Keras tuner is a library to tune the set of hyperparameters to obtain high performance for the imaging study (37). The idea of the Keras tuner is to define the range of values of hyperparameters and get the optimal combination that improves the validation evaluation of the model, as shown in fig 3. Moreover, it helps to build a lightweight and efficient ML model that selects the optimal search space configuration to perform tuning (see table 2). Keras tuner has various built-in HPO methods: RS, GS, BO, hyperband, and evolutionary algorithms. It allows the researchers to conduct experiments with different techniques. RS, GS, and BO methods are explained in detail in section 3. The Keras Tuner-based hyperband is an extended version of the RS with an early stopping function to optimize the speed (38). This framework is helpful in the tuning of the CNN model and allows the tuning of different numbers of the model's hyperparameters (convolutional layers, number of neurons and epochs, learning rate, etc.). Keras Tuner works as an HPO framework by optimizing the long-short-term memory (LSTM) network to predict the earthquake (39).

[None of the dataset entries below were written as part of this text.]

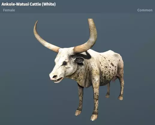 安科勒-瓦图西牛(白色、棕色) 稀有度:普通 性格:中立 地图:阿卡利沙漠、琥珀山、巴达姆、多拉多、红山
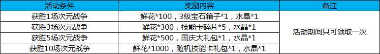 活动规则:累计在次元战争模式中获得相应胜场即可获得活动奖励!
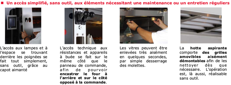 -Le rayonnement du four se réfléchit sur les vitres qui renvoient la chaleur sur les produits situés à l'avant du four, à proximité des bouches.
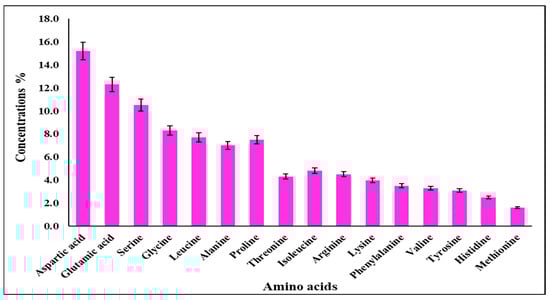 Samples of 1 mL of pure enzyme sample and 1 mg of protein were hydrolyzed by heating it for 24 h at 110 °C in a sealed, evacuated tube with HCl (6 N, 5 mL), and β-mercaptoethanol (10 mL). The excess HCl was removed by vacuum evaporation to dryness. Beckman Amino Acid Analyzer was used to determine amino acids in the sample [].
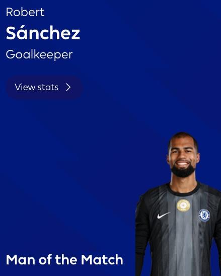 6次扑救,罗伯特-桑切斯当选切尔西vs小蜜蜂全场最佳球员
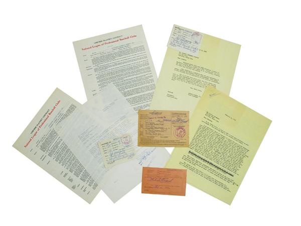 Fascinating assemblage of revealing material regarding a post rookie Roberto Clemente includes four Clemente signatures including an exceptional Player's contract for the Puerto Rican superstar.  Contract is signed in blue ballpoint and dated by Roberto Clemente, 2/3/1956 with an approved stamp of March 6, 1956 and stamped signatures of Warren Giles and Joe Brown.  Printed on same page is Clemente's address in Carolina, Puerto Rico.  Contract is EX+ overall and for the sum of $7,500.00 per season.  The original rejected contract in the amount of $7,000.00 is also included (unsigned) and signed by Branch Rickey.  The accompanying "rookie" documents include a typed letter signed by Clemente in blue ink, addressed to Rickey, rejecting the initial contract offered to him, and asking for a "substantial raise" based upon his performance over the last season.  Also included is the very detailed response letter in reply, from Rickey, explaining why Clemente was not deserving of a raise.  Lot also includes an employee card and postal service card - both signed in blue ballpoint by Clemente and both dated 1956.  An incredible collection of early and important paper with fabulous autographs from this adored baseball hero.
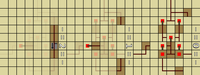 2. Засов. «Засов» (рычаг) выключен (факел над ним горит). В этом случае нажатие нажимной пластины дверь не откроет.
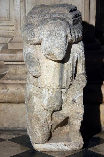 - NOTIZIE STORICO CRITICHE La statua proviene dal protiro dei Leoni Bianchi, dove è stata sostuita da una copia ottocentesca. I documenti contabili della Misericordia Maggore ricordano infatti che, tra il 1867 e il 1868, sotto la direzione di Angelo Cattò, il marmorino Giuseppe Fossati eseguì una replica della scultura, corredata da una nuova colonna in marmo bianco di Candoglia; il telamone trecentesco fu depositato nel cortile dell'Istituto Musicale Donizetti, e spostato in seguito all'interno della basilica (Buonincontri, 2005, p. 248).

Fig. 3. Overall framework of Keras Tuner to perform HPO

../../Resources/kiee/KIEE.2023.72.5.607/fig3.png

4. Comparative Performance Evaluation of HPO Frameworks

In this section, we present experimental results for the comparative performance evaluations of four different HPO frameworks such as BO, Optuna, HyperOpt, and Keras Tuner described in Section 3. We conducted ML experiments using BO, Optuna, and HyperOpt frameworks to classify the datasets and make predictions. (Previous research suggests that Keras Tuner is primarily used for image classification rather than continuous classification tasks, thus we did not consider it for the ML tasks.) For the DL CNN model experiments on the image dataset, we used Keras Tuner along with the other HPO frameworks. We first explain the experimental setting that includes the datasets and system specifications used for the experiments. Experimental results are presented along with the analyses.

4.1 Experimental Settings

For the performance evaluation, we selected four publicly available datasets named dry beans (40), raisin (41), nomao (42), and CIFAR-10 (43) dataset. The selection of datasets is based on the real-world scenarios. The details of each dataset, including the number of samples, classes, and numerical and categorical features are summarized in table 3. CIFAR-10 is the only image dataset. It consists of 60K images with ten different classes with 10K images per each type. This dataset is extracted from the 80 million tiny images database where each RGB image is 32 X 32 pixels. The dataset was split into training and testing sets with 50K and 10K, respectively.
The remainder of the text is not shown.